Надежда Яковлевна Мандельштам однажды спросила его: Мишка, а что помогло вам выжить в лагерях? Он сказал: Ненависть. И книги.

Он сидел три раза. В первый раз сел в 1950 году, за «выборы». Он был рядовым солдатом, но уже был наслушан и «Голоса Америки» и ВВС*, и прекрасно понимал, что у нас к чему. И когда их строем повели к избирательным урнам, он остановился и сказал: «Какие же это выборы? Это все фальшивка! Вот в Америке – это выборы!» Его тут же схватили, избили как следует. Военный трибунал судил его просто за хулиганство – как он потом сообразил, если бы ему дали политическую статью, большие неприятности были бы у них, из-за того что они так воспитывают своих солдат.
Когда он вышел, стал работать в Свердловске помощником прораба на элеваторе. Там создал кружок, в котором стал объяснять людям, как их эксплуатируют, что это рабский труд, за который ничего не платят, и в таком духе. Опять посадили. Вышел – снова что-то организовал. За ним пришли, когда он ночевал в бане на огороде. Он говорит: сейчас-сейчас оденусь, а сам вылез в окно и убежал. У него по второй отсидке были приятели-грузины, которых судили за то, что они пытались бежать за границу вплавь по Черному морю. Эти «опытные» беглецы обещали ему помочь. Они направили его к одной женщине в Батуми, а потом мы нашли ее имя в его приговоре – она его и выдала. Ночью он пошел переходить границу, ботинки повесил через плечо, чтобы тише идти, и вдруг – со всех сторон на него фонари, и семь или восемь человек с автоматами. Он начал хохотать. Они спрашивают: «Ты чего хохочешь?», а он им: «У меня ботинки через плечо висят, а вас восемь человек с автоматами!» В Батуми его приговорили к расстрелу. Делопроизводство велось по-грузински. Выходит судья и говорит: «Ну, Мишя, мы тебя приговорили к высшей мере наказания». Но через два дня его вызвали и зачитали другой приговор, в котором было 25 лет.
Кончил он пять классов, но много читал и самообразованием достиг того, что в самой интеллектуальной компании он участвовал в разговоре как равный.
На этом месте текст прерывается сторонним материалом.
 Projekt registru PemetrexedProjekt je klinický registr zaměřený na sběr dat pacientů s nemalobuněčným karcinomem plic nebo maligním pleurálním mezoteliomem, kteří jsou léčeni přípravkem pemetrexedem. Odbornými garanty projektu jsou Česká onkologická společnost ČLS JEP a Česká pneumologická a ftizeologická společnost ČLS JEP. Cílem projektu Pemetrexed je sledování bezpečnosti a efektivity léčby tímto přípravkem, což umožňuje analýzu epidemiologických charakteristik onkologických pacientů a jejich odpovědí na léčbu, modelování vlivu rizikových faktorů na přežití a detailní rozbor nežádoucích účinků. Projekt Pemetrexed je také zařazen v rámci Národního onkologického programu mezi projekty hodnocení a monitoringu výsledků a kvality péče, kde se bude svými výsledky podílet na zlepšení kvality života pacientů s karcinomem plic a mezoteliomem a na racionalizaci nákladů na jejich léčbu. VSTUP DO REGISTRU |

– Николаев разделял утверждение Варлама Шаламова о том, что лагерный опыт не имеет никакого позитивного значения, а только отрицательное?
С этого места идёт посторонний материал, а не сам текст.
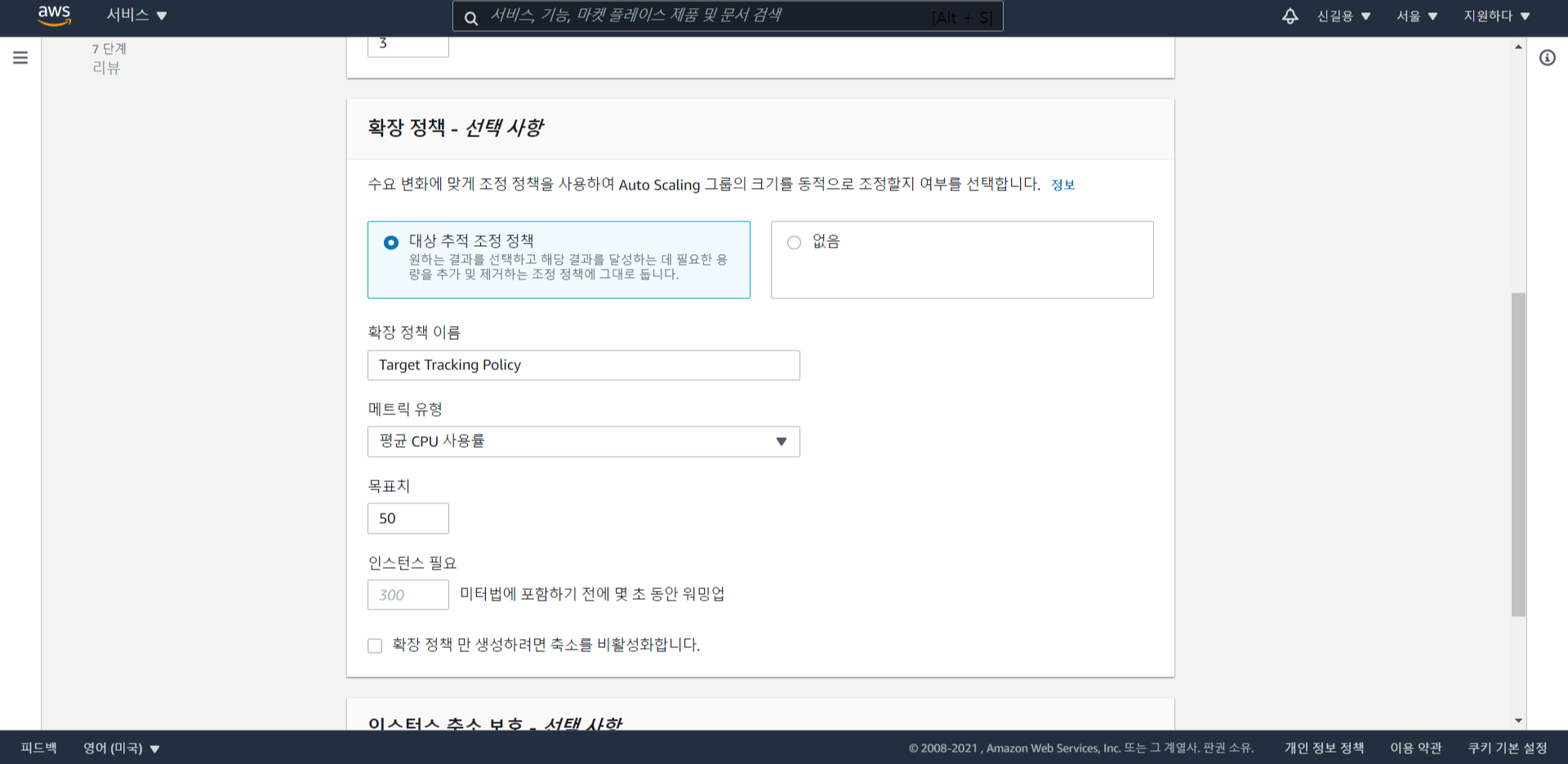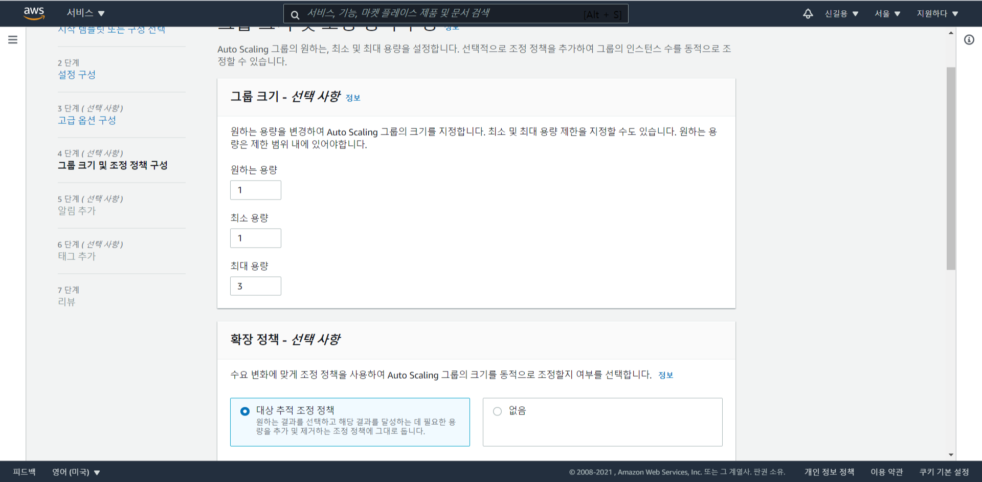 8. 생성되는 인스턴스의 최소 및 최대 크기를 설정할 수 있다.

Этот опыт у каждого разный. Конечно, это опыт чудовищный! Но надо сказать, что в лагере было очень много интересных людей, которые разговаривали гораздо более свободно, чем на воле. И были разные времена. Когда он строил Ангарск, это была работа на смерть. Он чудом выжил, добрый человек взял его бухгалтером, несмотря на его пять классов. При Хрущеве уже стало легче, потому что стало можно читать. В третий раз он сидел вместе с Синявским, а Синявский каких только книг не получал! Они распределяли между собой, кто какой журнал будет выписывать.

-А как вы познакомились?

Мы познакомились после его третьего лагеря, дома у Игоря Голомштока в 1967 году. Мы были у них с Марией Синявской, а Миша был второй день как из лагеря. И вот мы говорим, что собираемся ехать в Тарусу. Он встрепенулся: «Таруса – это же цветаевские места!» А Мария Синявская ему и говорит: «А вы знаете, кто сидит рядом с вами? Это Вика Швейцер, она главный специалист по Цветаевой». – «А, так я вас знаю! Мне перед выходом Синявский читал Цветаеву. А я ему говорю: "Хорошо про Цветаеву написал в "Новом мире" этот мужик, Швейцер! " А он мне: "Швейцер – не мужик, а баба ". А я ему: "Да какая разница?"» Так мы и познакомились. Он очень хорошо знал Цветаеву. И мои занятия Цветаевой были важны для него почти так же, как для меня. Естественно, нашу дочь зовут Марина.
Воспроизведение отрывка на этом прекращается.